Take the lines from the head of the listing through the one bearing "Controle remoto: o" and copy them exactly, leaving every picture out.

(INPUT MATERIAL Opens)

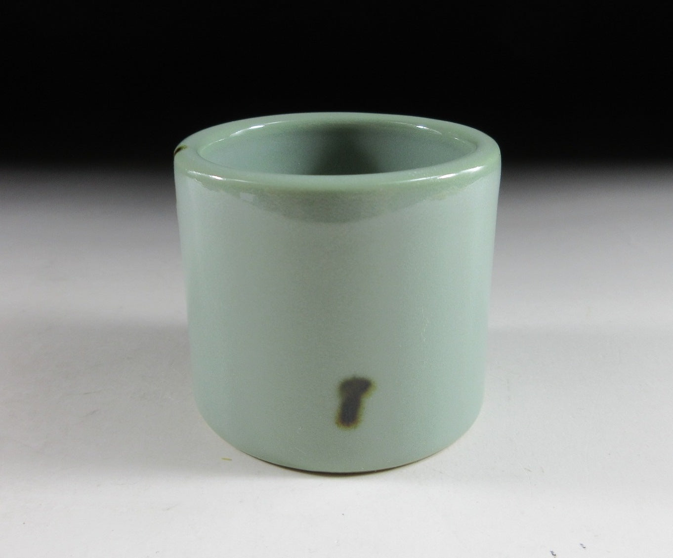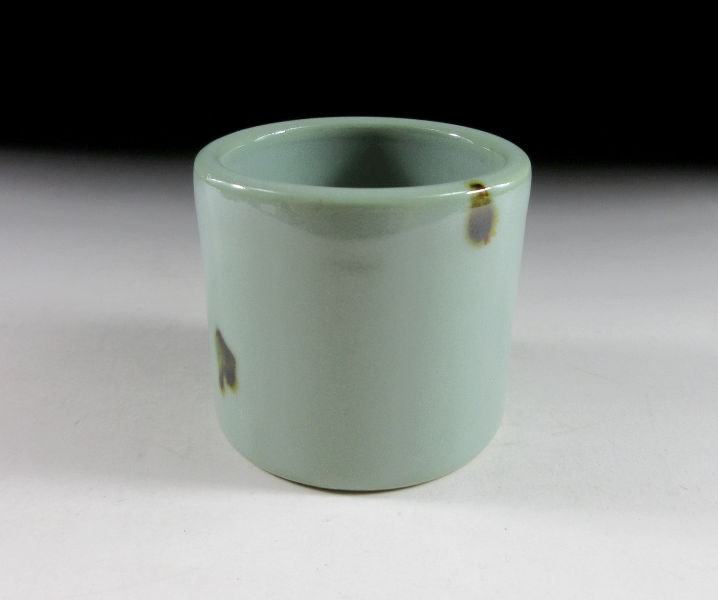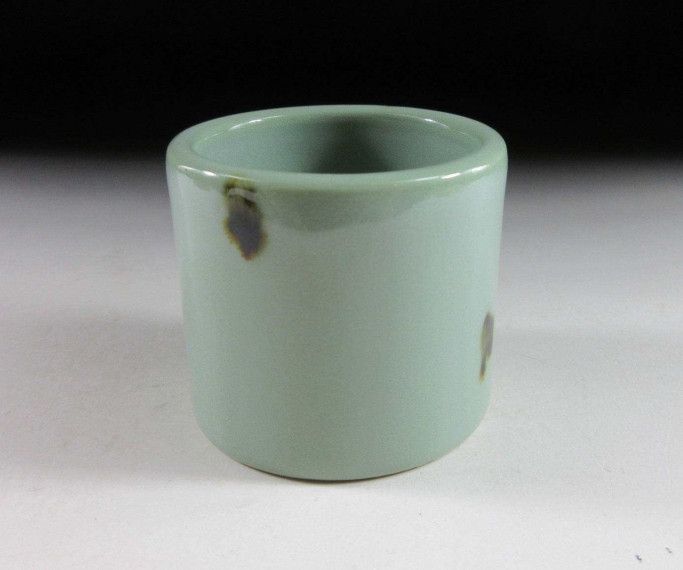 coated in pale blue celadon glaze with small dabs of iron oxide. It has a glossy finish and perfectly smooth surface. Please note that this piece is unsigned.
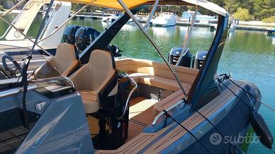Verricello Elettrico con ancora e catena Mobile cucina con lavello Nr.2 Pompa di sentina automatiche Porta Cabina scorrevole Plancette poppa VTR - Doccia a poppa Scaletta Mare telescopica con maniglia Serbatoio carburante ed acqua GPS 9" Garmin - Impianto Stereo Fusion Teak sintetico su plancette di poppa Timoneria idraulica (solo pompa e tubazioni) Armadio e mobiletto in R.S. con top in Groowe Pavimento cabina in Laminato teak filo acero Cuscini sotto prua - Illuminazione alogena Oblò nr.2 - Osteriggio passo d'uomo Locale toilette con Lavello e doccetta Wc Marino Elettrico + Impianto Acque Nere
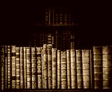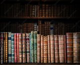 Old book on a bookshelf background. Selective focus. Science and education design concept.
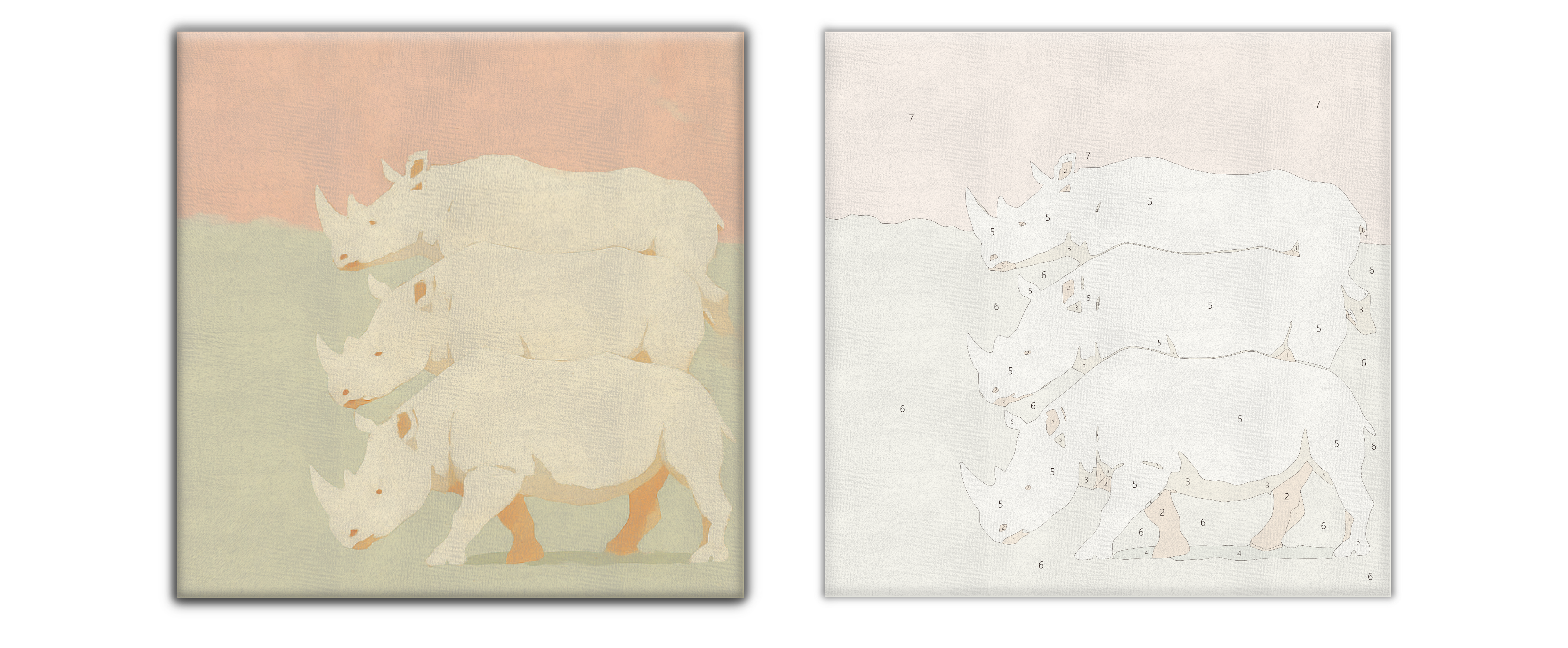 Three white rhinos advance along a diagonal with matching stride—a visible meter. Pastel green and pink flatten ground and sky, turning mass into cadence. Repetition becomes time—before, during, after—three cool echoes. The subject is powerful; the tone is light, with a restrained sense of humor.
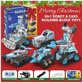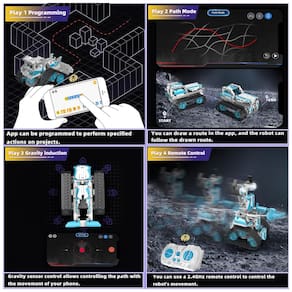 Controle remoto: o robô possui um alto grau de simulação e um design futurista no estilo de veículo, combinando os recursos de blocos de construção e carros de controle remoto para uma experiência de jogo mais envolvente. Os quatro motores no chassi grande permitem a funcionalidade completa do controle remoto, incluindo o jogo de interação de vários carros de 2,4 GHz, um controle remoto de até 30 metros e movimento em todas as direções.
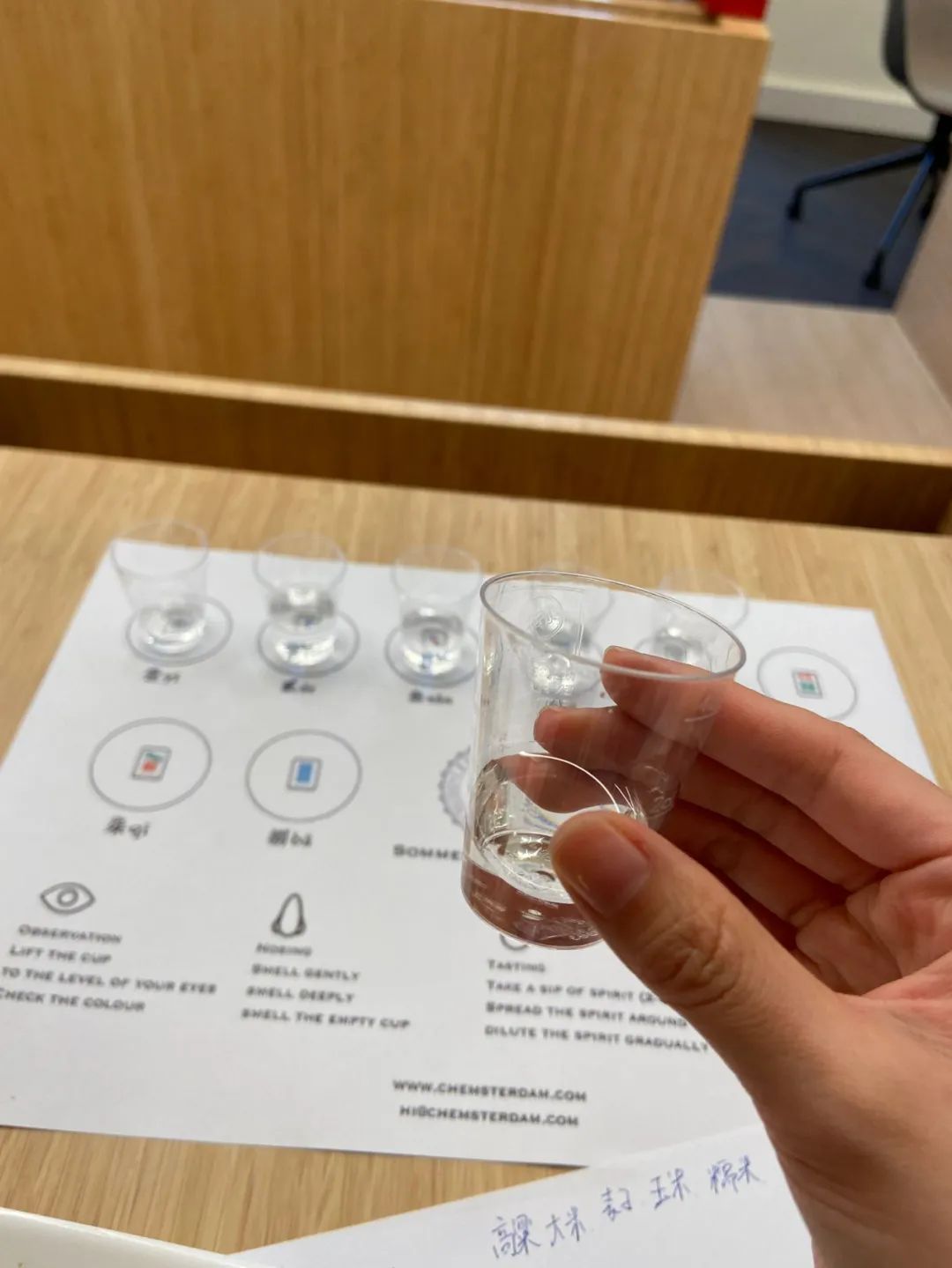 在本次活动的最大亮点——酒的品鉴环节中,伍先生悉心引领大家对甜香、陈皮肉桂八角香、茴香、烟熏、果香和酱香六款不同类型的烈酒进行了观色、闻香、浅尝,讲授这六款来自不同国家的酒背后的故事。值得一提的是伍先生以自己的家乡——四川成都著名的麻将元素为灵感设计了本次活动的桌垫,让整个品鉴活动充满浓浓的中国味儿。随着伍先生的讲授,大家一起仔细观察酒液的色泽与流动,轻嗅酒香中蕴含的丰富层次,细细品味着每一款酒所带来的独特口感与风味,仿佛穿越时空,置身于古老的酿酒工坊之中,感受着中华白酒文化的深厚底蕴与独特魅力。
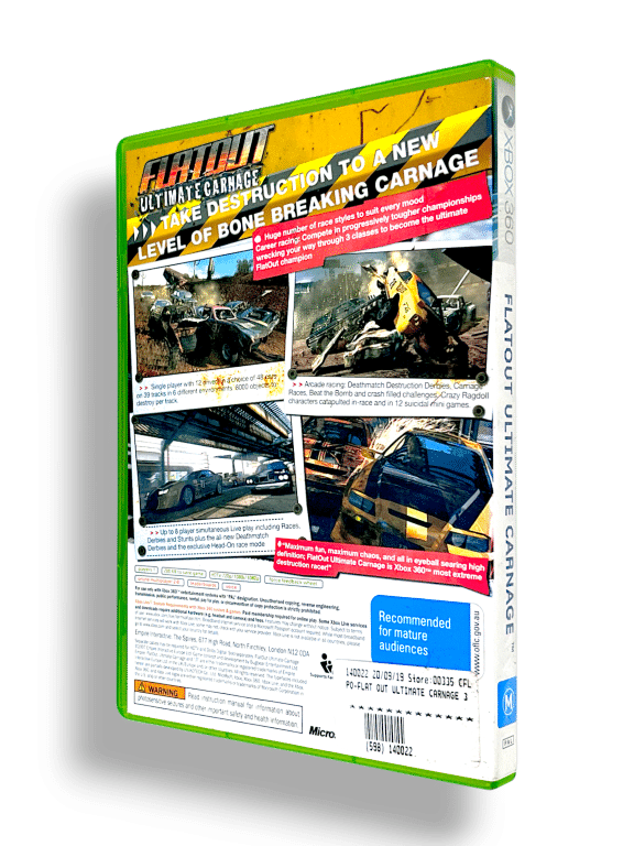 FlatOut Ultimate Carnage is a high-octane racing game for the Xbox 360 that puts a heavy emphasis on destruction and mayhem. It combines traditional circuit racing with demolition derby-style combat, where crashing into opponents and smashing through the environment is not only encouraged but often required to win. The game features advanced physics that cause severe car damage and spectacular crashes, often sending the ragdoll driver flying through the windshield in a variety of hilarious stunt challenges.
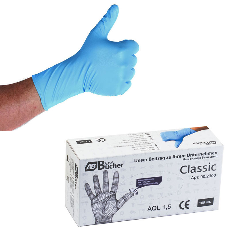 Одноразовые нитриловые перчатки Adolf Bucher Classic, без силикона и талька, не стерильные. Универсальные перчатки с идеальным сочетанием цена/качество. Идеальны для малярных работ, устойчивы к растворителям.
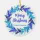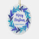Elegant Blue Merry Christmas Wreath Keramik Ornament

(INPUT MATERIAL Closes)

OUTPUT BELOW:
 coated in pale blue celadon glaze with small dabs of iron oxide. It has a glossy finish and perfectly smooth surface. Please note that this piece is unsigned.
Verricello Elettrico con ancora e catena Mobile cucina con lavello Nr.2 Pompa di sentina automatiche Porta Cabina scorrevole Plancette poppa VTR - Doccia a poppa Scaletta Mare telescopica con maniglia Serbatoio carburante ed acqua GPS 9" Garmin - Impianto Stereo Fusion Teak sintetico su plancette di poppa Timoneria idraulica (solo pompa e tubazioni) Armadio e mobiletto in R.S. con top in Groowe Pavimento cabina in Laminato teak filo acero Cuscini sotto prua - Illuminazione alogena Oblò nr.2 - Osteriggio passo d'uomo Locale toilette con Lavello e doccetta Wc Marino Elettrico + Impianto Acque Nere
 Old book on a bookshelf background. Selective focus. Science and education design concept.
 Three white rhinos advance along a diagonal with matching stride—a visible meter. Pastel green and pink flatten ground and sky, turning mass into cadence. Repetition becomes time—before, during, after—three cool echoes. The subject is powerful; the tone is light, with a restrained sense of humor.
 Controle remoto: o robô possui um alto grau de simulação e um design futurista no estilo de veículo, combinando os recursos de blocos de construção e carros de controle remoto para uma experiência de jogo mais envolvente. Os quatro motores no chassi grande permitem a funcionalidade completa do controle remoto, incluindo o jogo de interação de vários carros de 2,4 GHz, um controle remoto de até 30 metros e movimento em todas as direções.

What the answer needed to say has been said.